Толпа почтительно замирает, когда он приближается к микрофону. Как жутко, что одно его присутствие может заставить стольких людей умолкнуть, думает Диана, и насколько же это впечатляюще. И тут он начинает.

Хотя они с Юнити могут наблюдать за Гитлером, произносящим речь, лишь со стороны и издалека, сила его голоса неоспорима. Диана наблюдает, как преображаются лица солдат. Ей даже не нужно понимать слова, чтобы догадаться, что слышат в этом послании люди, униженные Версальским договором и мировой экономической депрессией: надежду.

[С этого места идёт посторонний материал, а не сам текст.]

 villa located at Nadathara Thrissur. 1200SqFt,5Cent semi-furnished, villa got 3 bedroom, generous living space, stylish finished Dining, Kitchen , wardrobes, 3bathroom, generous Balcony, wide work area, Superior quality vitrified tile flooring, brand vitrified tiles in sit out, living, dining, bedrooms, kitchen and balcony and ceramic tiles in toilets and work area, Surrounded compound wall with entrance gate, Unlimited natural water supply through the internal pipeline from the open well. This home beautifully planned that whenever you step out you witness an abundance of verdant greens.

«М выйдет из себя, когда узнает, где я была», – думает Диана, и тут же ей приходит в голову еще одна мысль. Возможно, эта поездка не только станет способом наказать любовника, но еще и поможет ей упрочить свое положение рядом с ним. Что если знакомства, которые она завела в Нюрнберге, помогут Мосли войти в сеть могущественных фашистов Европы: такие связи очень важны для успеха, но наладить их может только Диана. С этого момента она уверена, что все изменится.

Глава двенадцатая

Юнити

3 сентября 1933 года

Нюрнберг, Германия


Поверх голов фаланги солдат, окружающих Гитлера, Юнити изо всех сил старается рассмотреть его. Никогда еще она так не радовалась тому, что в ней почти шесть футов роста. Но даже ей сейчас приходится привстать на цыпочки, чтобы лучше видеть. Внезапно пара суровых офицеров расступается, и она видит его во всех мельчайших подробностях. У нее перехватывает дыхание. Это на самом деле он – мужчина, чья фотография висела у нее на стене много лет. Гитлер.

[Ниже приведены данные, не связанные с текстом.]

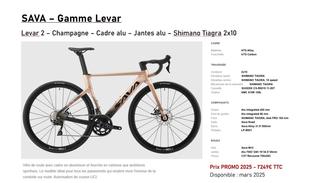 SAVA a fait les bon choix et offre une garantie de 15 ans sur le cadre et deux ans sur tous les autres composants conformément à la loi française.

Голос Гитлера усиливается, его кулак обрушивается на трибуну, и Юнити вздрагивает. От его слов по толпе бежит рябь, и Ганфштенгль напрягается всем телом. Что он такое говорит? Юнити сожалеет, что не знает немецкого, особенно когда толпа начинает оглушительно реветь. Как она сможет общаться с Гитлером, если не говорит на его родном языке? Она тут же решает учить немецкий. Может, здесь, в Нюрнберге, или даже в Мюнхене?

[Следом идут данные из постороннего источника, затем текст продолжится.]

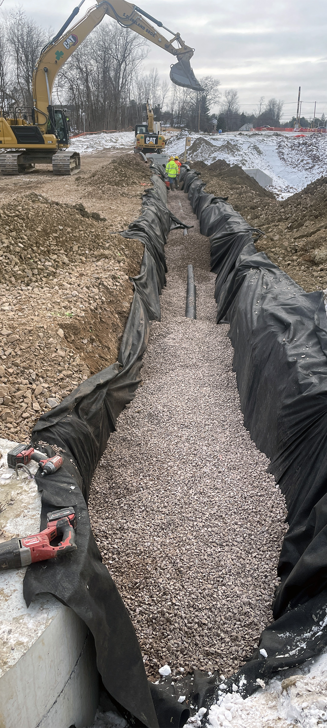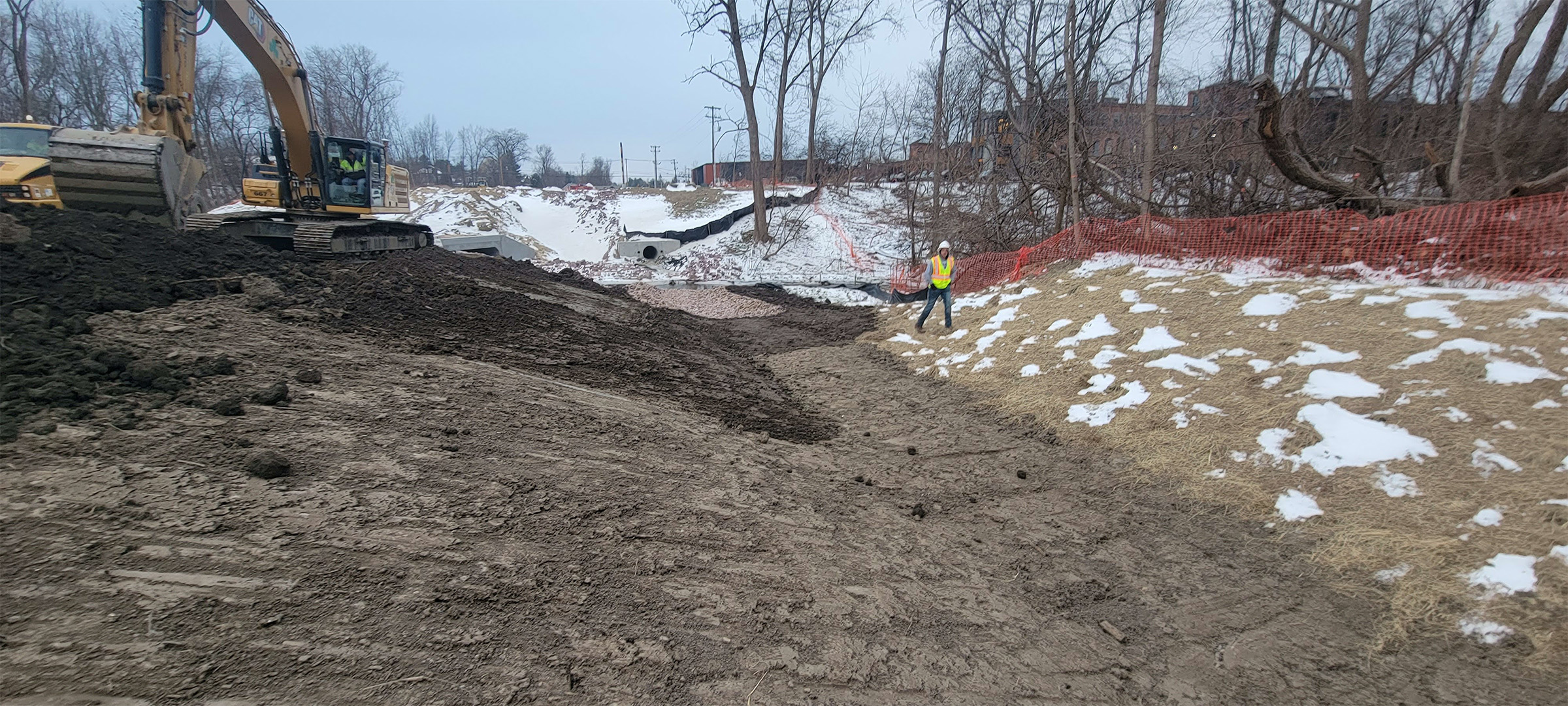 The Champlain Parkway included several stormwater features including the construction of a stormwater detention pond near Englesby Brook. Pictured installation of drainage pipe.

Чтобы погрузиться в изучение языка, ей придется найти какое-то правдоподобное объяснение для Мули и Пули или в крайнем случае соврать им. «Обманывать их не так уж и сложно», – думает Юнити. Знали бы родители, сколько времени она провела в прошлом году в запрещенной Итоньерке в компании verboten[3] сестры, они бы с ума сошли. А если бы они заподозрили, что они с Дианой вместо мюнхенских галерей, оперы и баварских памятников архитектуры отправились на сцену для почетных гостей Гитлера в Нюрнберге, они бы совершенно обезумели – особенно Пуля, ведь он ненавидит гуннов. Просто потрясающе.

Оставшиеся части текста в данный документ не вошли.